In fact, Tarrasch will conduct a demonstration of the fresco technique for student and others interested in attending on Tuesday, October 18, at 9:30 a.m. in the Burrow Center.
About the Artist
Jurgen Tarrasch was born on 11 October 1959 in Pisz, Poland (formerly Johannisburg, East Prussia), the second child and only son of German parents, who had remained in the area after World War II before immigrating to West Germany in 1976. His parents intended for him to become an architect, and though he excelled at the school for architecture and engineering he attended, receiving the “golden diploma” given to the best students, a passion for art that began in grade school continued to drive him.
In 1982 he moved to West Berlin to attend the Free University, and in the fall of that year began the study of philosophy and sociology. In the meantime, he continued to paint and established a small studio in an old building designed by Karl Friedrich Schinkel (1781-1841), where a number of artists from the Brunswick School and the “Neue Wilde” movement painted.
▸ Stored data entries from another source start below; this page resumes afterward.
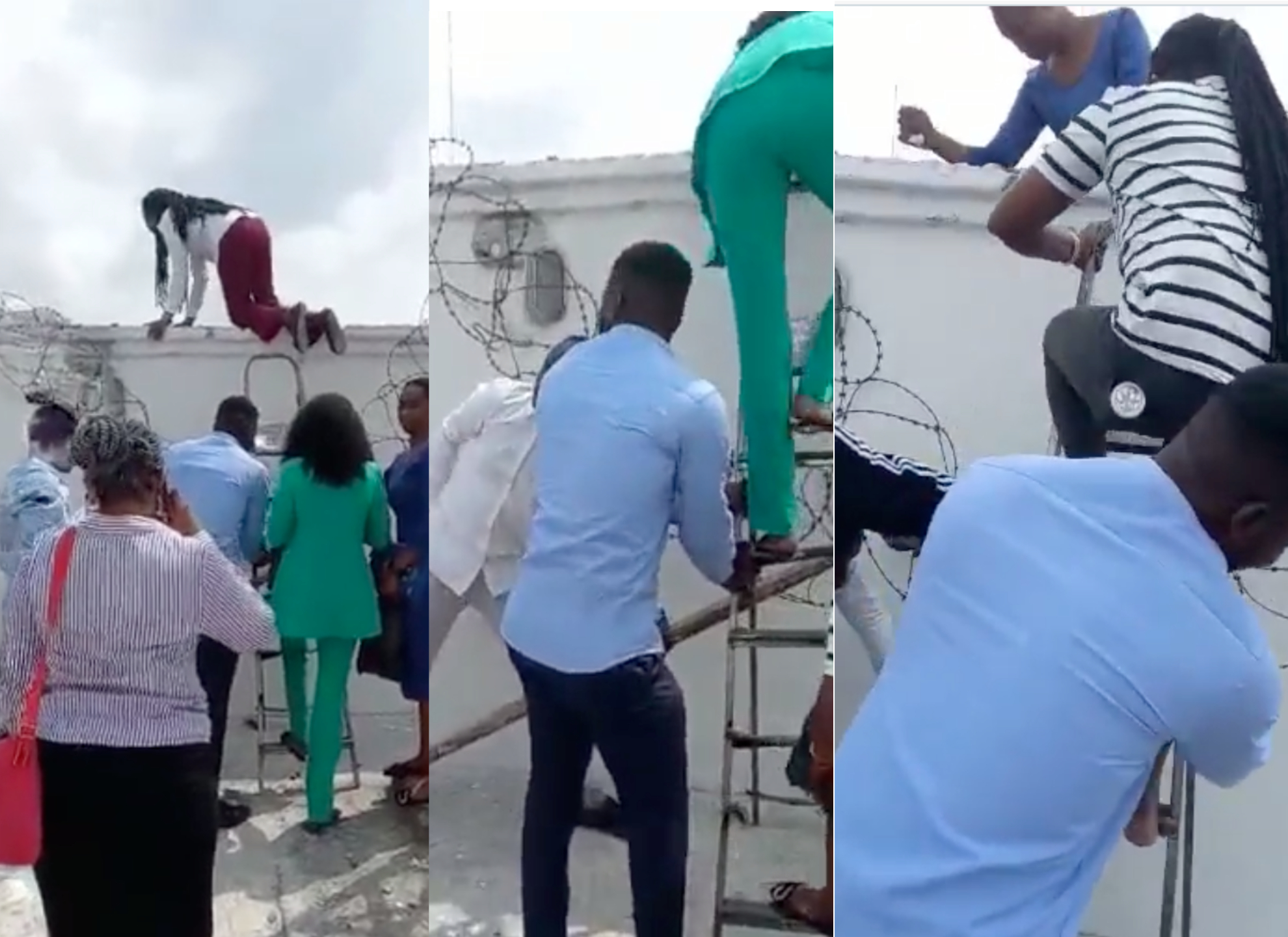 The bankers, who were making frantic efforts to flee with their belongings, are seen collaborating as they took turns using a ladder to climb up the fence and descend into a nearby bush.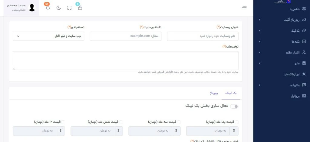 اسکریپت سایت خرید و فروش رپورتاژ وبک لینک بکریپ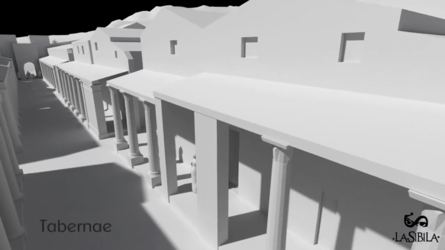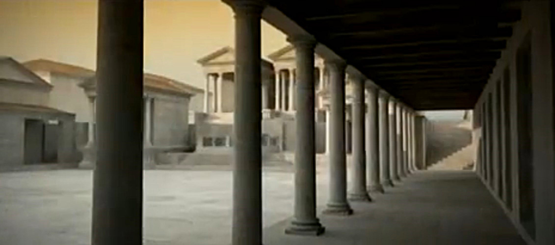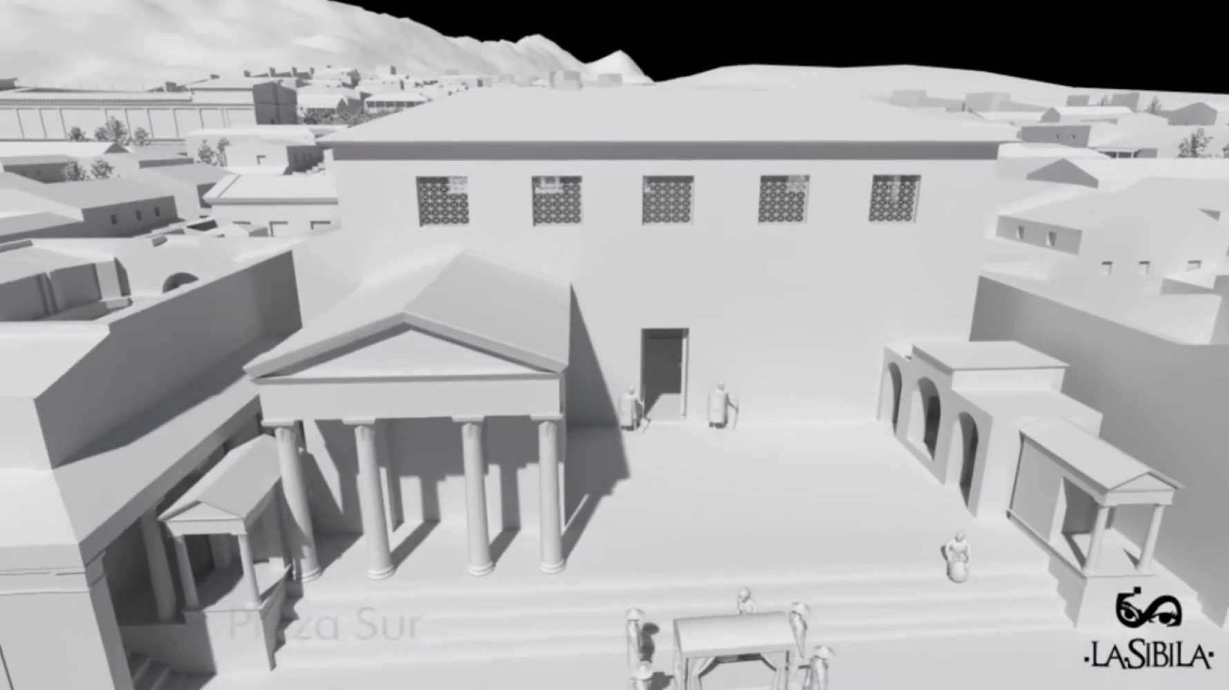 Recreación idealizada oeste Plaza del Foro con la Curia y escuela. (italicaromana.blogspot.com)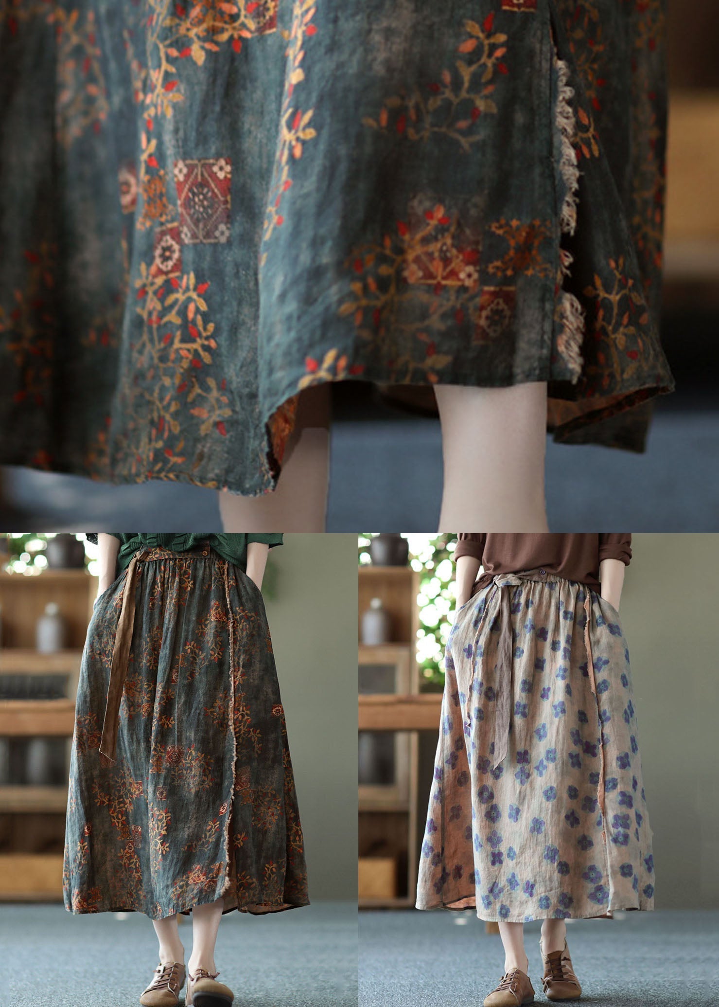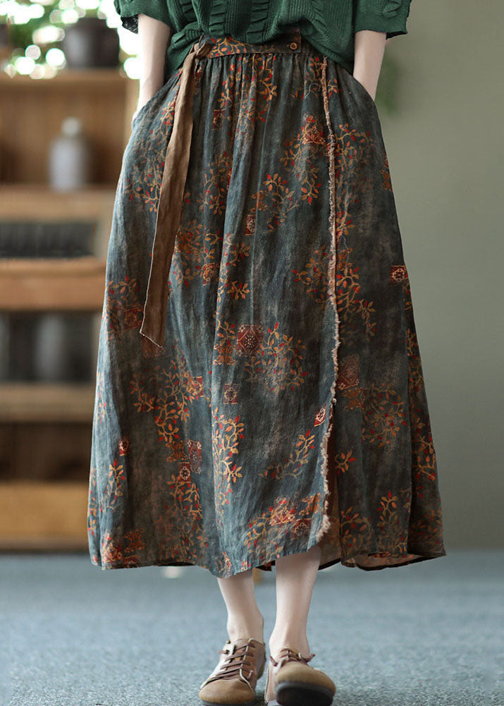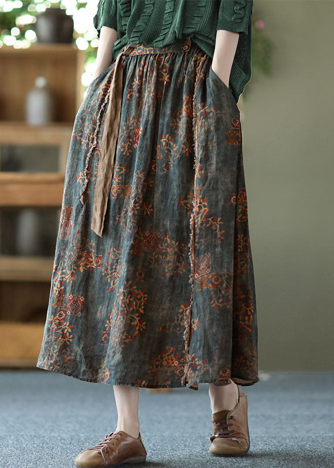 Frauen Schwärzlich Grün Faltig Taschen Patchwork Leinen Röcke Sommer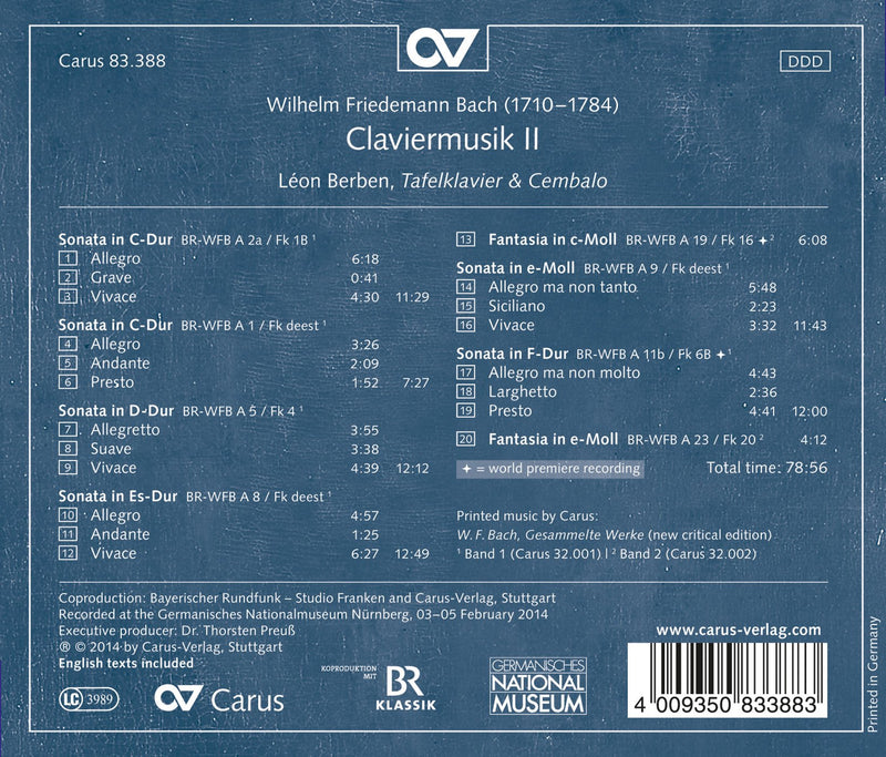 CarusW.F. Bach: Claviermusik, Vol. 2Wilhelm Friedemann Bach (1710-84) was one of the most outstanding, yet at the same time, most idiosyncratic composers of his time. His...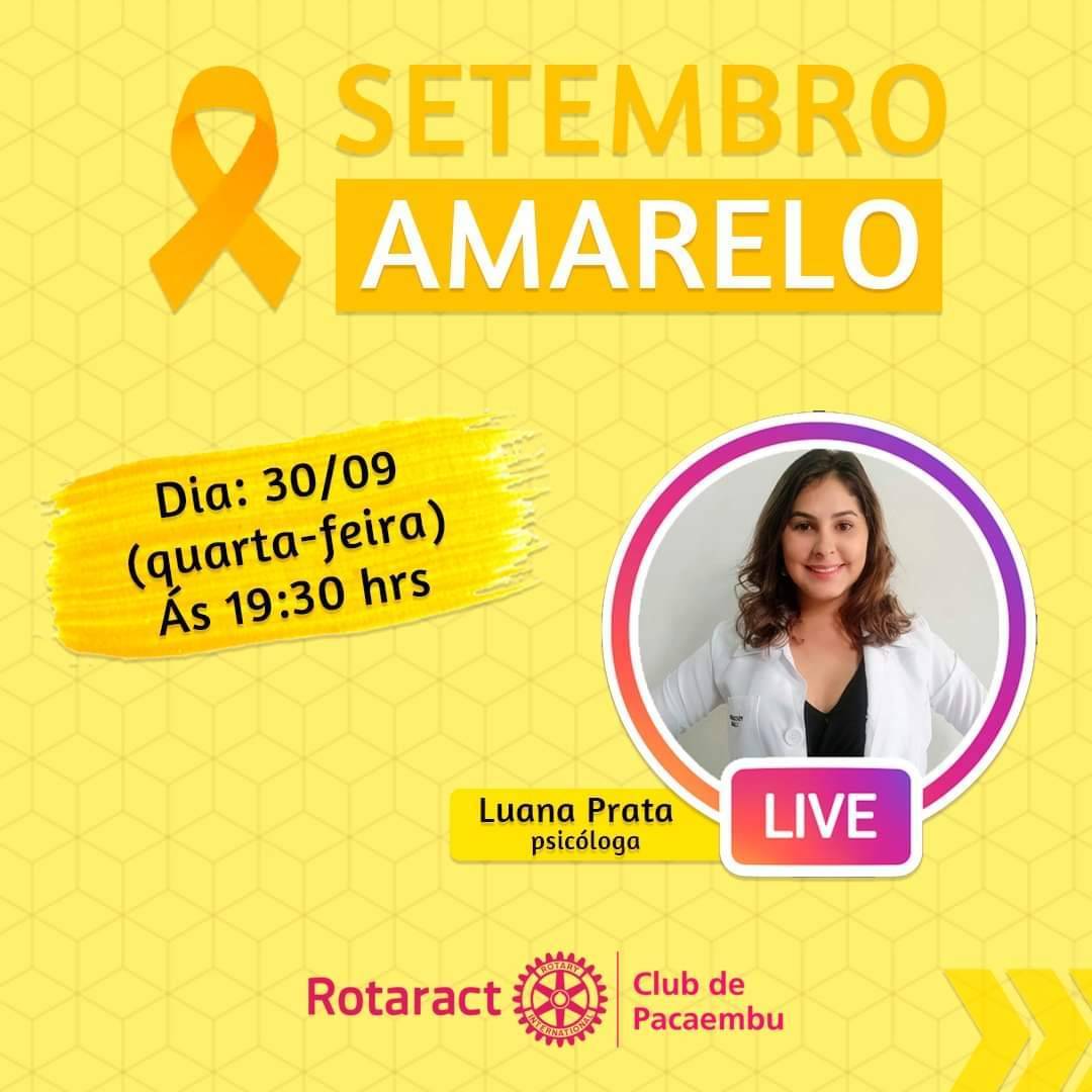 No dia 30 Setembro foi realizada uma live no Instagram do Rotaract Club de Pacaembu sobre o Setembro Amarelo. A live foi coordenada pelo associado Kauê juntamente com a psicóloga Luana Prata, que abordou assuntos relacionados ao movimento Setembro Amarelo, prevenção ao suicídio e sobre a saúde mental diante do isolamento social.

Then in 1988, he made the decision to go to Warsaw to attend the Academy of Fine Arts where students are taught, in addition to painting on canvas, the ancient techniques of fresco, sgraffito, and mosaic.
“ I had a strong interest in these techniques and wanted to learn them from a to z,” he said. “Before the Berlin Wall came down in 1989 it was not easy in Poland to express yourself freely on canvas. After the Wende (change), there was a sense of relief that led to an explosion of creativity.”
In 1993, he received an MFA degree with a focus on painting and wall painting.
After completing that degree he returned to Berlin, where from 1993 to 1999 he worked as a painter and conservator of wall treatments and interiors, including fresco. In 1997, he was awarded a grant from the Federal Republic of Germany to go to the European Center for Conservation and Historic Preservation in San Servolo/Venice, Italy, to further his study of the art of conserving and restoring frescos and other Renaissance and Baroque art forms.
In 1999 his wife, Anne, was offered a job as curator of decorative arts at the Birmingham Museum of Art in Alabama. Their first daughter was born in Berlin in June of that year and in August the family flew to Birmingham to start a new life. The Tarrasches now have three children. Dr. Anne Forschler-Tarrasch, who curated the collection on display in The Burrow Museum, provided a lecture at Wallace State earlier this year.
Since moving to Birmingham Tarrasch has been working as a painter and has also worked on a number of special art and conservation projects. In the United States, his work has been shown recently in New York as well as locally at the UAB Visual Arts Gallery, the University of Montevallo Art Gallery, and in Birmingham at Space One Eleven, the Altamont School, Energen Corporation, Bare Hands Gallery and Monty Stabler Gallery.
He is the recipient of an Individual Artist Fellowship in the Visual Art from the Alabama State Council on the Arts, and was nominated to Southern Artistry, a multi-disciplinary showcase of outstanding southern artists.
“Recollection and Pursuit: The Work of Jurgen Tarrasch” is sponsored by The Evelyn Burrow Museum, the Wallace State Art Department, and the Wallace State Alumni Association.